Image interpretations
Training
The original interpretation of the PET/CT examinations was performed by a nuclear medicine physician and a radiologist, who wrote the final report sent to the referring department. A trained technologist extracted information regarding skeleton and/or bone marrow involvement from these PET/CT reports and from the digital medical records. All the cases with focal or suspicious focal uptake in skeletal and/or bone marrow were reviewed again by a nuclear medicine specialist.
Test
Ten nuclear medicine physicians with 2-12 years of experience in PET/CT working in three different hospitals (two in Sweden (Malmö/Lund and Gothenburg) and one in India (Chandigarh)) were invited to participate. They separately classified the 48 FDG-PET/CT images regarding diffuse uptake in bone marrow and focal uptake in skeletal/bone marrow in the following four categories [1].
- Low diffuse bone marrow uptake and no focal lesion(s)
- Low diffuse bone marrow uptake and focal lesion(s)
- High diffuse bone marrow uptake and no focal lesion(s)
- High diffuse bone marrow uptake and focal lesion(s)
The cases were presented in a different computer-generated randomized order to each physician. Information regarding sex, age, and investigations involving untreated staging HL patients was provided. The physicians were instructed to classify the cases as they normally do in the clinical setting. The review process was performed using RECOMIA software (recomia.org), and every case was presented with CT images, PET images, fused PET/CT images, and MIP images. The interpreter was also able to shift between sagittal, coronal and transverse planes. The PET images could be displayed in different colours with the images scaled to an upper SUV threshold of 5, and the latter could also be changed. The CT images could be shifted to the skeleton window.
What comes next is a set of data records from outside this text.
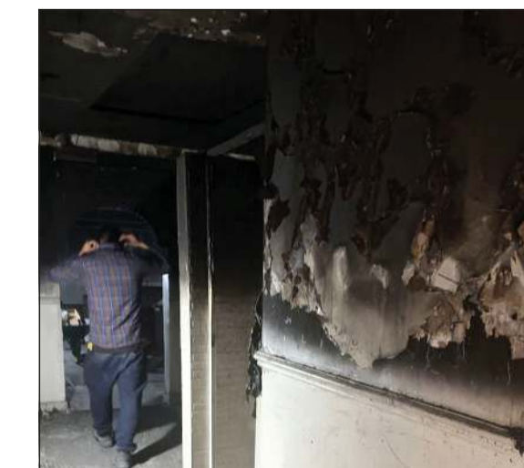
حريق تيما خلف أضرارا مادية
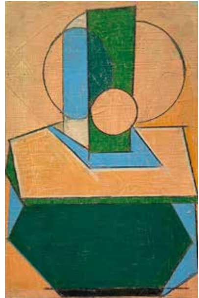
©Lien Buysens 'kitchen stories', 2023, gouache and colored pencil on cardboard, 22 x 14,5 (not framed)
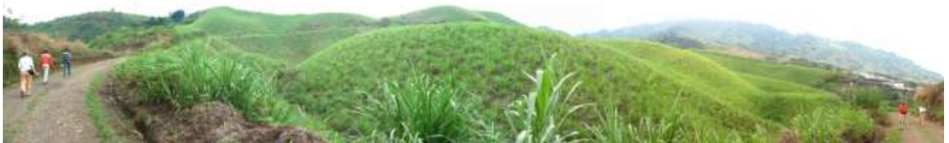
Figura 3. Colinas abanico fluvio-volcánico Pereira-Armenia. Nótese aterrazamientos en la parte derecha de la fotografía. Zona de Expansión Norte de Pereira, sector Plan Parcial "La Reina".
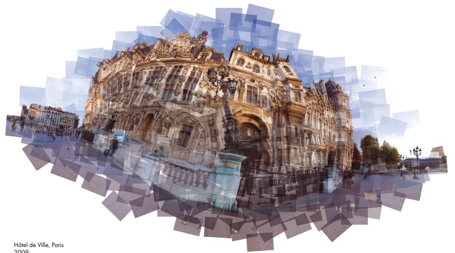
Hôtel de Ville, Paris 2009 180 x 101 cm / 100 x 56 cm Edition de 10 tous formats confondus

The viewer can see and experience the world with completely different eyes. The results are technical masterpieces: mosaic photography consisting of hundreds of individual photos, each showing high-resolution detail.
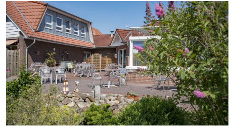
Wintergarten
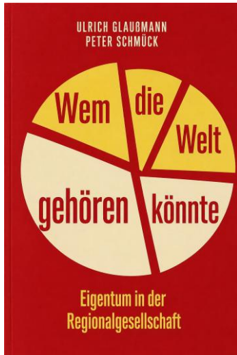
Cover: Massel Verlag · 2026, 25 €
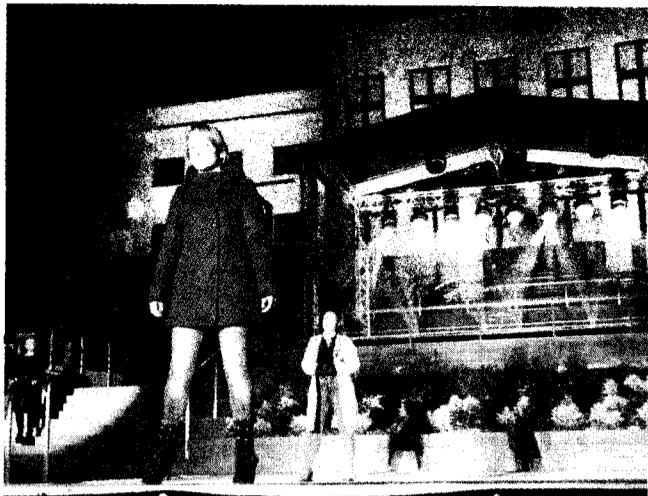
► Uroczystemu otwarciu Urzędu Miasta po generalnym remoncie towarzyszył między innymi pokaz mody

Obecna siedziba władz miasta powstała w 1971 r., w czasach głębokiego PRL-u i nigdy nie doczekała się remontu. W tym cza-
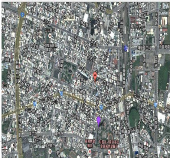
透過 google 街道地圖，認識學校周邊社區整體的地理環境
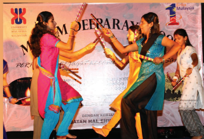
Semangat 1Malaysia yang ditunjukkan oleh warga UMK menyemarakkan lagi ikatan sesama bangsa.
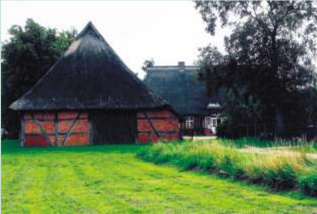
Die Pfarrscheune wurde 1745 errichtet.

Ungewöhnlich ist nicht nur das Ensemble des Pfarrhofes als reetgedeckter Dreiseitenhof, sondern auch seine abgeschiedene Lage. Einer eher ungewöhnlichen Legende nach, soll ein menschscheuer Pastor die Errichtung des Pfarrhauses einige hundert Meter vom Kirchhof entfernt erwirkt haben.
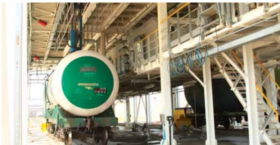
Қазақстандағы алғашқы автоматтандырылған құюды қамтамасыз ететін қондырғы / Первая в Казахстане автоматическая установка точечного налива нефтепродуктов / The first in Kazakhstan on-spot oil product loading unit

Ал 23 маусымда қуаты жылына 2,5 млн. тонна мұнай өнімдерін вагонцистерналарға саңылаусыз, дәл құюды
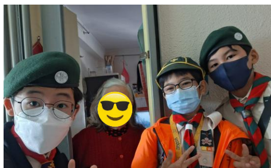
十八鄉第 2 旅及第 18 旅 探訪長者
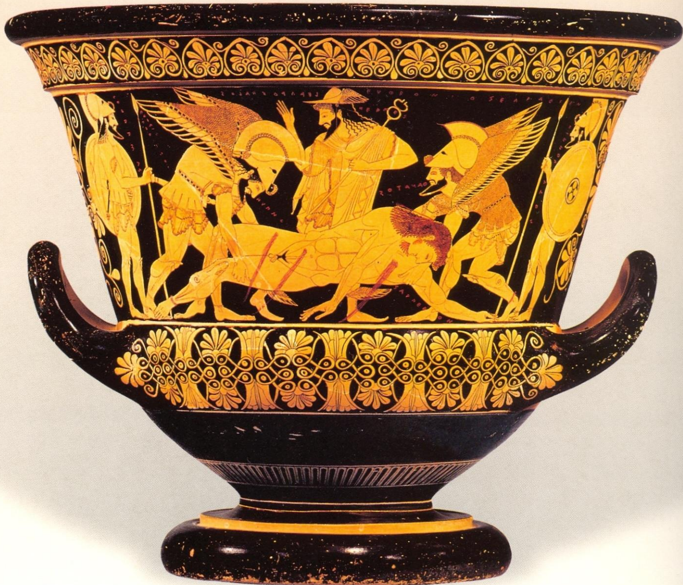
Κρατήρας Ευφρονίου, ΜΕΤ Νέα Υόρκη, 515-510 π. Χ.
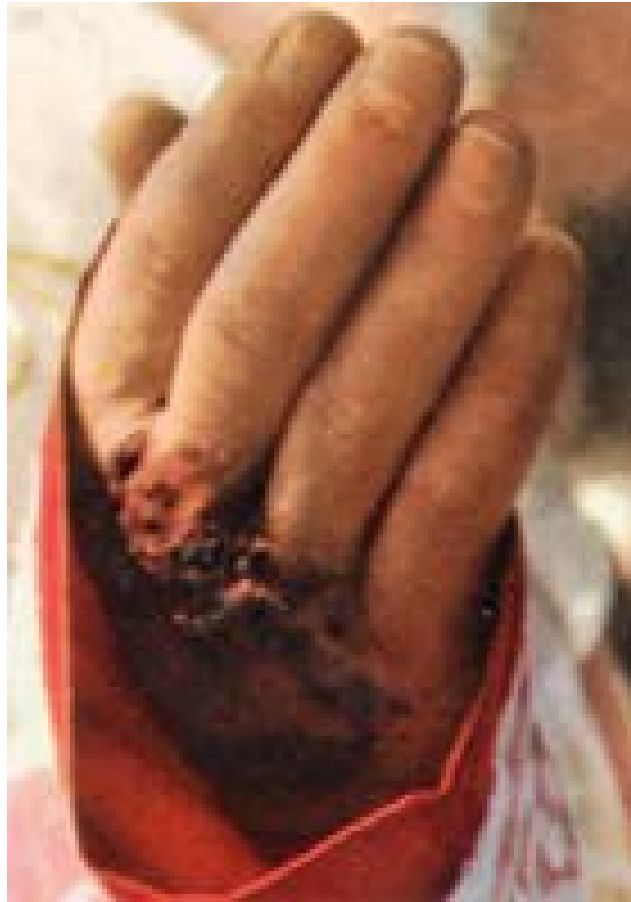
GRUPPO Madonna Addolorata del Perdono
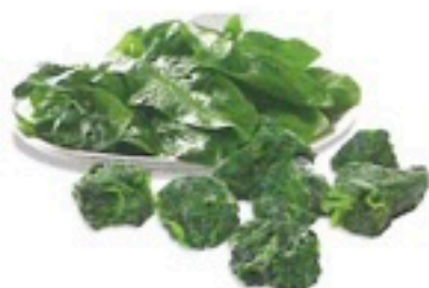
ESPINACAS PORCIONES 4 X 2,5Kg 1,26€/Kg

The study was approved by the ethics committee at Gothenburg University, and the need for written informed consent was waived (#2019-01274). We certify that the study was performed in accordance with the ethical standards laid down in the 1964 Declaration of Helsinki and its later amendments.
Statistical analyses
The percentage agreement (PA) and Kappa were used in the inter-observer comparisons between physicians for the classifications of both focal skeletal/BMU and diffuse BMU. Kappa takes into account chance agreement, and some suggested interpretation guidelines are as follows; values < 0 indicate no agreement, values between 0 and 0.20 indicate slight agreement, values between 0.21 and 0.40 indicate fair agreement, values between 0.41 and 0.60 indicate moderate agreement, values between 0.61 and 0.80 indicate substantial agreement, and values between 0.81 and 1 indicate almost perfect agreement [12].